Schweiß

Aufstehen. Die Knochen schwer wie Blei. Nina schleppte sich in die Küche, seit Monaten schon. Ich kann das einfach nicht mehr. Am Mittwoch, das Gespräch mit den Eltern zu Haus. Es steckt ihr noch immer in den Knochen. Die Mutter hat nur still geschaut, verständnislos, das gibt’s doch nicht. Was meinst du, wenn ich einfach sowas sag? Ich kann, ich mag nicht mehr.
Was glaubst du, wohin dich sowas führt? Aufgeben, die Arbeit, den festen Job. Wovon willst du denn die Miete bezahlen? Wenn Du wüsstest, wie das ist, hatte sie gesagt. Das Büro ist die Hölle. Ständig klingelt das Telefon. Ablage, Termine, Frau Müller hier und da und ich komm dort gar nicht als Mensch mehr vor.

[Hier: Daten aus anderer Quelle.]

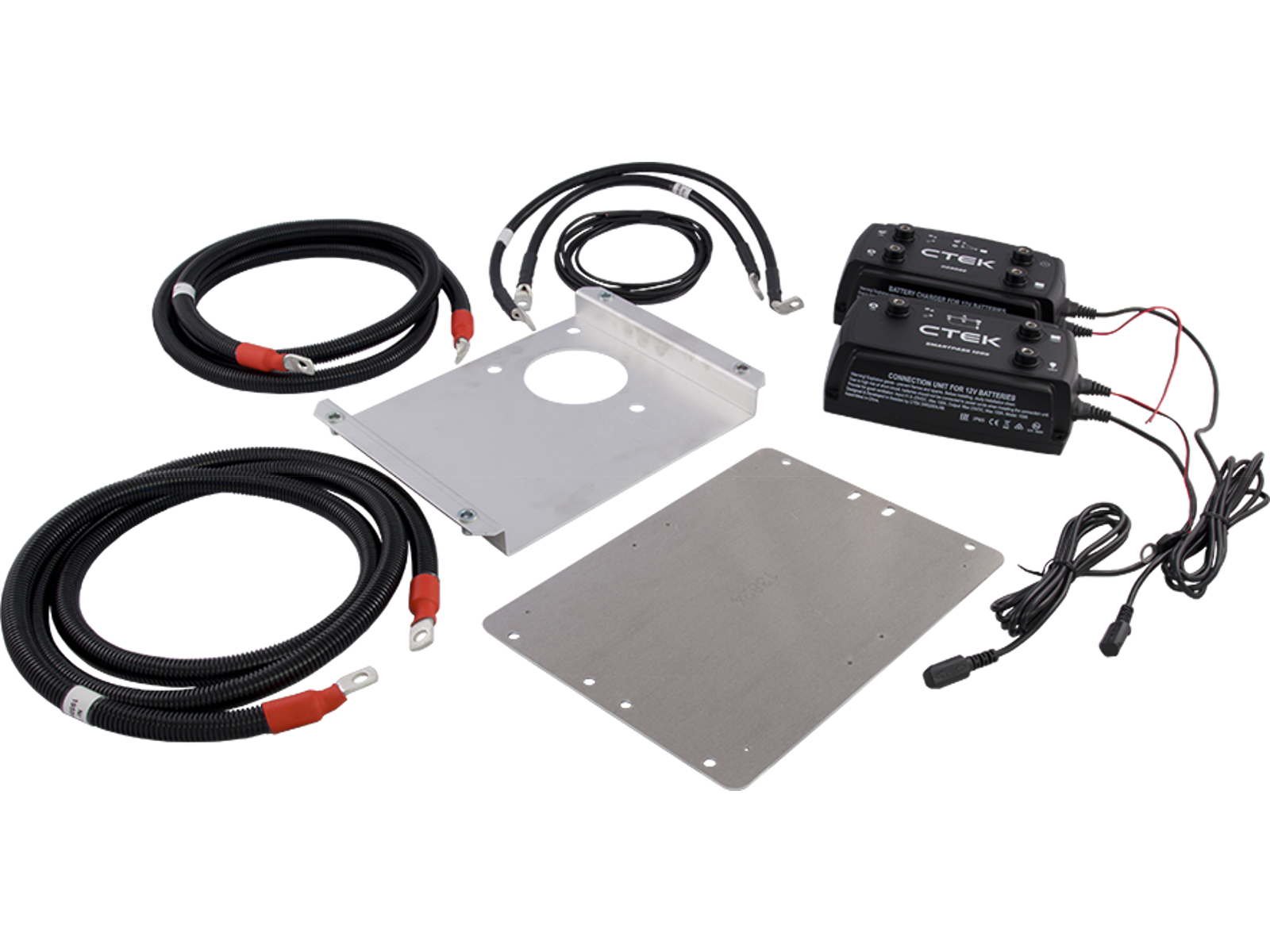 Komplet pakke til opladning af forbrugsbatteriet i VW Crafter og MAN TGE med Euro 6-motorer. Pakken inkluderer opladningsforstærker fra CTEK, som oplader forbrugsbatteriet, hvilket får bilens "smarte generator" til at starte opladningen.

Im Schweiße deines Angesichts sollst du dein Brot essen, hat Großvater immer gesagt. Ja, Mutter und weißt du was, ackern find ich grundsätzlich gut, aber man muss auch wissen wofür!
Montag kündige ich. Hat sie eben gesagt, ihr Spiegelbild hat es gehört.
Frau Müller, wo ist denn das und das Papier? Weggeflogen hat sie gestern gesagt. Ihr Chef stand in ihrer Tür. Ich will arbeiten, und ich will wissen wofür. Ich brauch was mit Menschen und nicht mit Papier.
Gestern hat Nina Schluss gemacht und Montag fängt sie mit dem Praktikum an, in der Kita, sie weiß, wofür.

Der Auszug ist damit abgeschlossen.